» **Exercise data**
=== Section Start ===

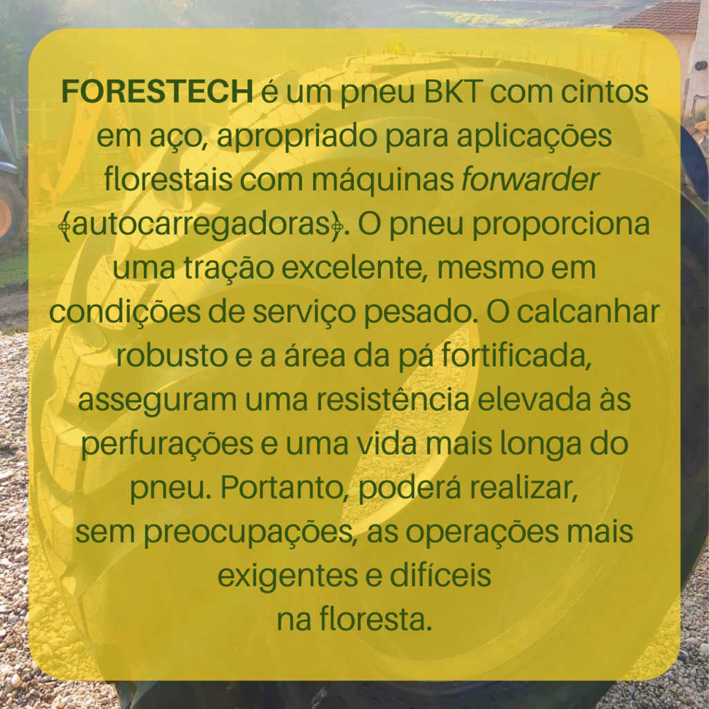 FORESTECH é um pneu BKT com cintos em aço, apropriado para aplicações florestais com máquinas forwarder (autocarregadoras). O pneu proporciona uma tração excelente, mesmo em condições de serviço pesado. O calcanhar robusto e a área da pá fortificada, asseguram uma resistência elevada às perfurações e uma vida mais longa do pneu. Portanto, poderá realizar, sem preocupações, as operações mais exigentes e difíceis na floresta.
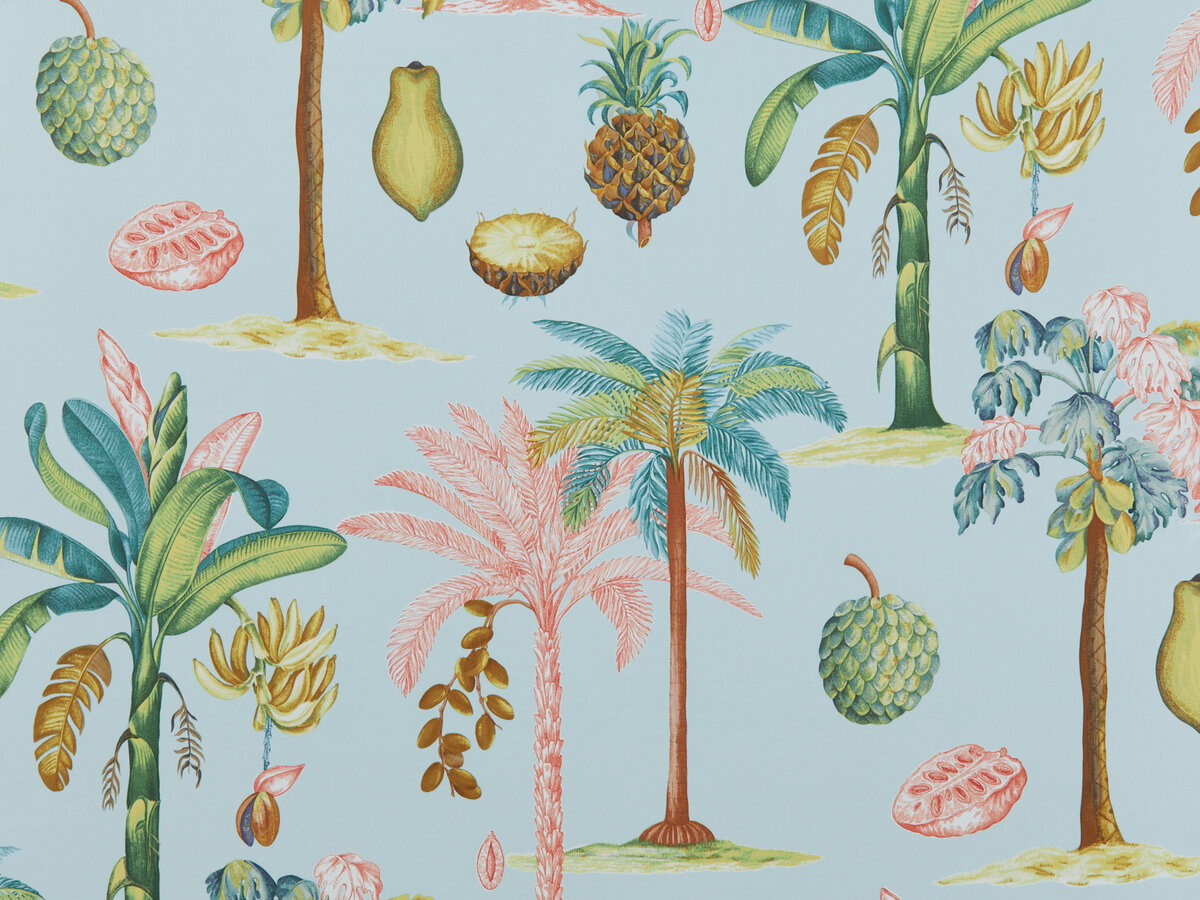 The hero of the collection is TROPICA, a bestselling Travers print first launched in 1997 and for which the collection is named after. It is composed of uniquely scaled tropical fruit and trees, originally hand painted with ink and tempera watercolor techniques. TROPICA has been revived from our archives on a lightweight cotton ground, in a fresh color palette, finished with a light chintz.
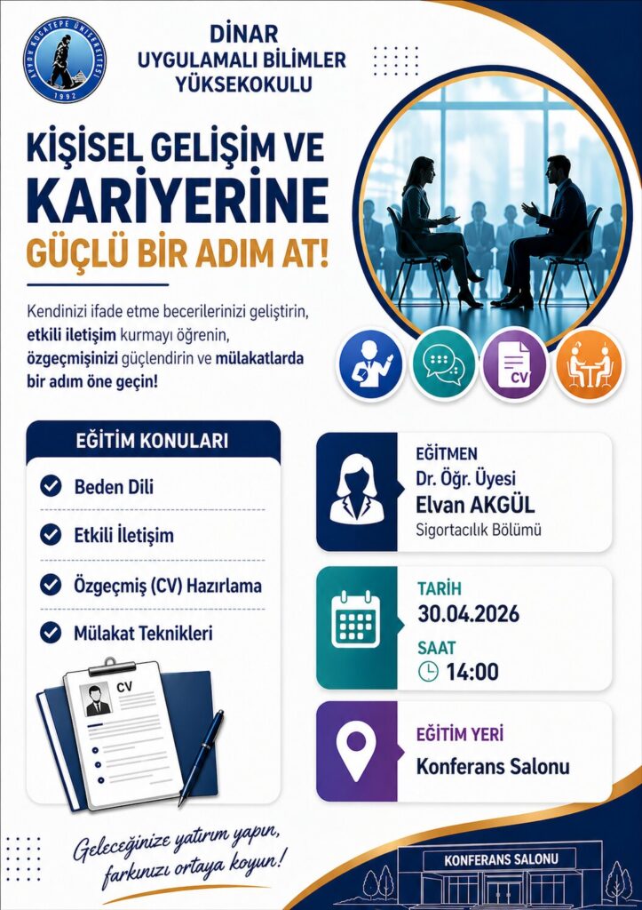📍 EĞİTİM YERİ Dinar Uygulamalı Bilimler Yüksekokulu Konferans Salonu
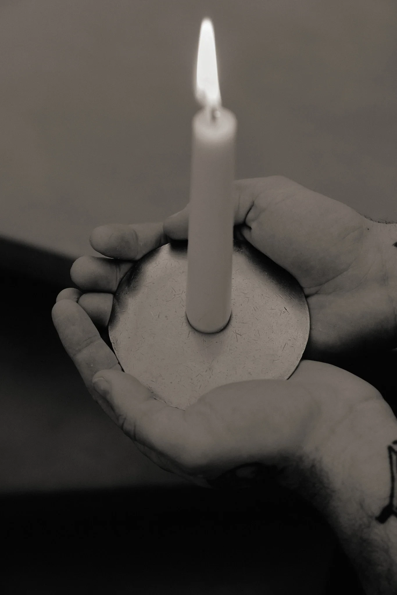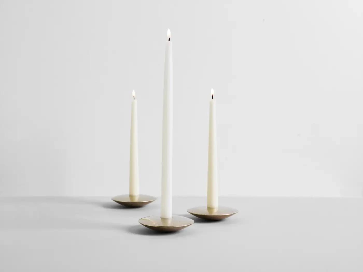 With a solid form and graceful, almond-shaped profile, the Alemendres Candle Holder* is manufactured from hand-poured brass, and designed to hold one standard-sized window candle. For light rendered with a subtle honey aroma, and without soot or drips, we encourage use of beeswax candles.

=== Section End ===

» **Required work**
Each line from the line containing "Yüksekokulu Konferans Salonu" through the final line of the data above must be retyped exactly; nothing else, and no pictures, may appear.

» **Output below**
📍 EĞİTİM YERİ Dinar Uygulamalı Bilimler Yüksekokulu Konferans Salonu
 With a solid form and graceful, almond-shaped profile, the Alemendres Candle Holder* is manufactured from hand-poured brass, and designed to hold one standard-sized window candle. For light rendered with a subtle honey aroma, and without soot or drips, we encourage use of beeswax candles.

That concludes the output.